**WHAT YOU WILL DO:**
Transcribe all of the data exactly. Images stay out.

**RECORD SET:**
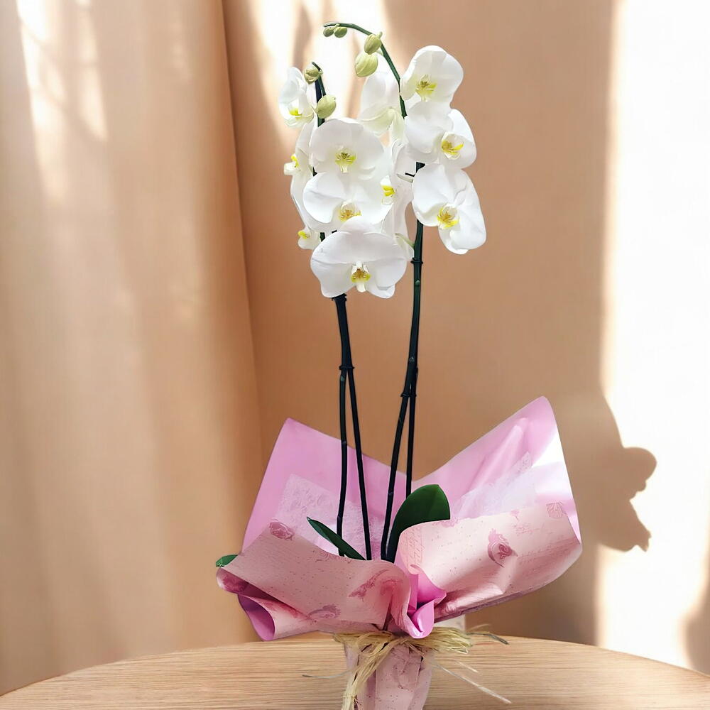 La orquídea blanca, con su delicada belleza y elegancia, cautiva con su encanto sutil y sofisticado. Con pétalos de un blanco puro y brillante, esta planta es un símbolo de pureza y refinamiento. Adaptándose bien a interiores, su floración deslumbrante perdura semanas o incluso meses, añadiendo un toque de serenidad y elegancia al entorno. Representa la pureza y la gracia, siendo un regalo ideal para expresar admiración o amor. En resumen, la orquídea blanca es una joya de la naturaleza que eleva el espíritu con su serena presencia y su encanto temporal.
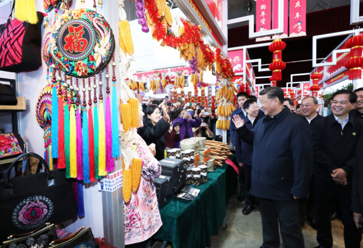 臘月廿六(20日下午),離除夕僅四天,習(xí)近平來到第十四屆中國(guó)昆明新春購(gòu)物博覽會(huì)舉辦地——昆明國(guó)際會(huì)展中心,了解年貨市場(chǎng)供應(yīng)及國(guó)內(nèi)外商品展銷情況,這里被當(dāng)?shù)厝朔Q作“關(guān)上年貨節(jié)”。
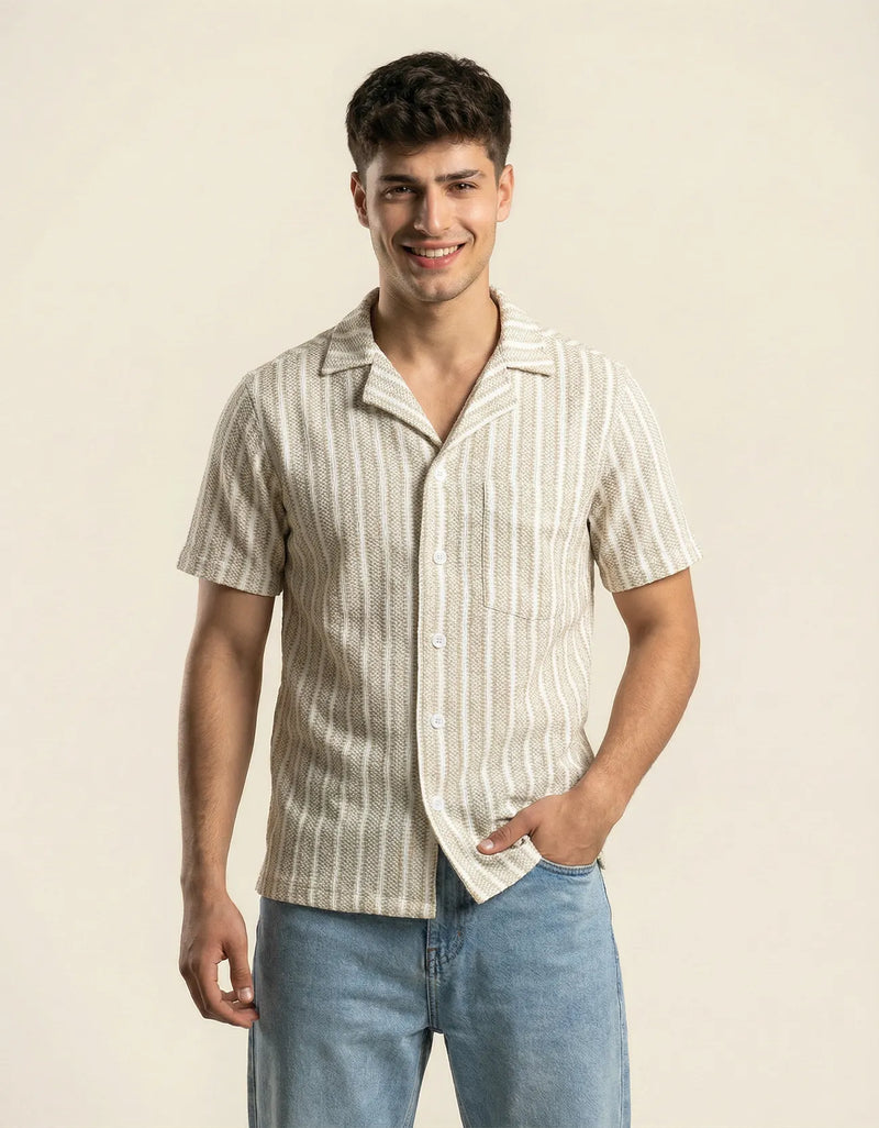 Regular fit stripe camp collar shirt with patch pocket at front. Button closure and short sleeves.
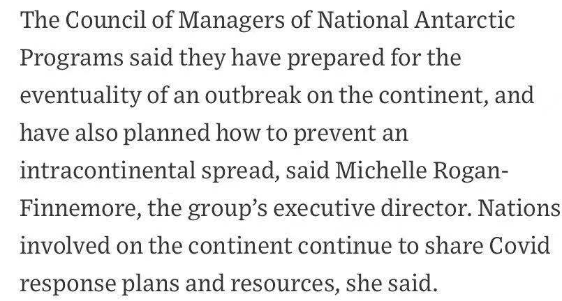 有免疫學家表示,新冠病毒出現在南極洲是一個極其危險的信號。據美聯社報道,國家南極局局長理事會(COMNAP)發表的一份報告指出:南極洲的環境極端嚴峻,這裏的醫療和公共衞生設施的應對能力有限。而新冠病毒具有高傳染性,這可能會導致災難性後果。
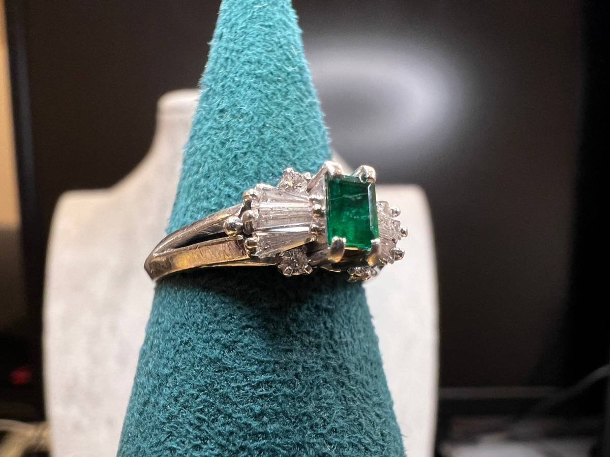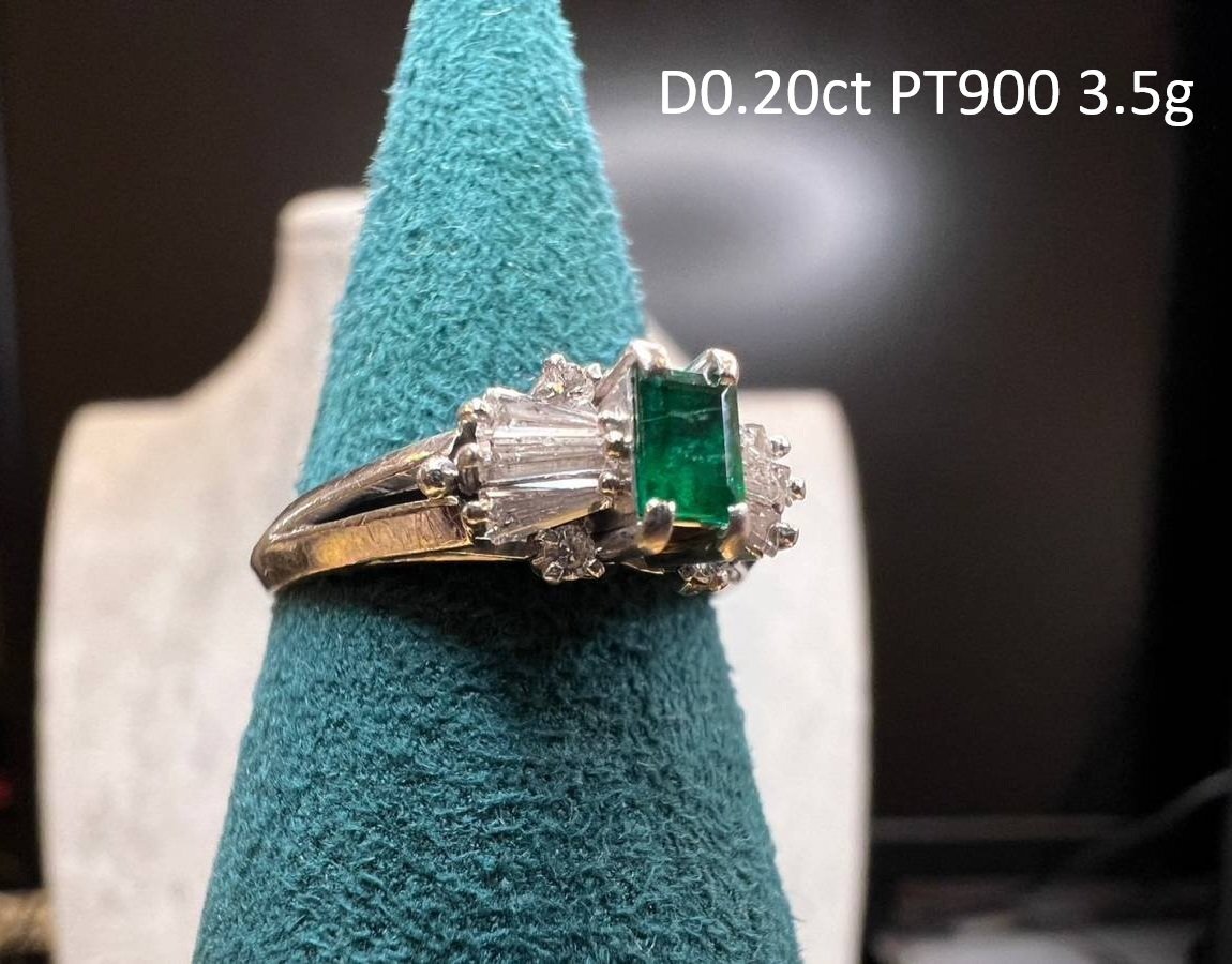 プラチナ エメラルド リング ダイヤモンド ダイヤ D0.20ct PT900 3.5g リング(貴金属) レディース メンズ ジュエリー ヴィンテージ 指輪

**ANSWER FOR THE TASK:**
 La orquídea blanca, con su delicada belleza y elegancia, cautiva con su encanto sutil y sofisticado. Con pétalos de un blanco puro y brillante, esta planta es un símbolo de pureza y refinamiento. Adaptándose bien a interiores, su floración deslumbrante perdura semanas o incluso meses, añadiendo un toque de serenidad y elegancia al entorno. Representa la pureza y la gracia, siendo un regalo ideal para expresar admiración o amor. En resumen, la orquídea blanca es una joya de la naturaleza que eleva el espíritu con su serena presencia y su encanto temporal.
 臘月廿六(20日下午),離除夕僅四天,習(xí)近平來到第十四屆中國(guó)昆明新春購(gòu)物博覽會(huì)舉辦地——昆明國(guó)際會(huì)展中心,了解年貨市場(chǎng)供應(yīng)及國(guó)內(nèi)外商品展銷情況,這里被當(dāng)?shù)厝朔Q作“關(guān)上年貨節(jié)”。
 Regular fit stripe camp collar shirt with patch pocket at front. Button closure and short sleeves.
 有免疫學家表示,新冠病毒出現在南極洲是一個極其危險的信號。據美聯社報道,國家南極局局長理事會(COMNAP)發表的一份報告指出:南極洲的環境極端嚴峻,這裏的醫療和公共衞生設施的應對能力有限。而新冠病毒具有高傳染性,這可能會導致災難性後果。
 プラチナ エメラルド リング ダイヤモンド ダイヤ D0.20ct PT900 3.5g リング(貴金属) レディース メンズ ジュエリー ヴィンテージ 指輪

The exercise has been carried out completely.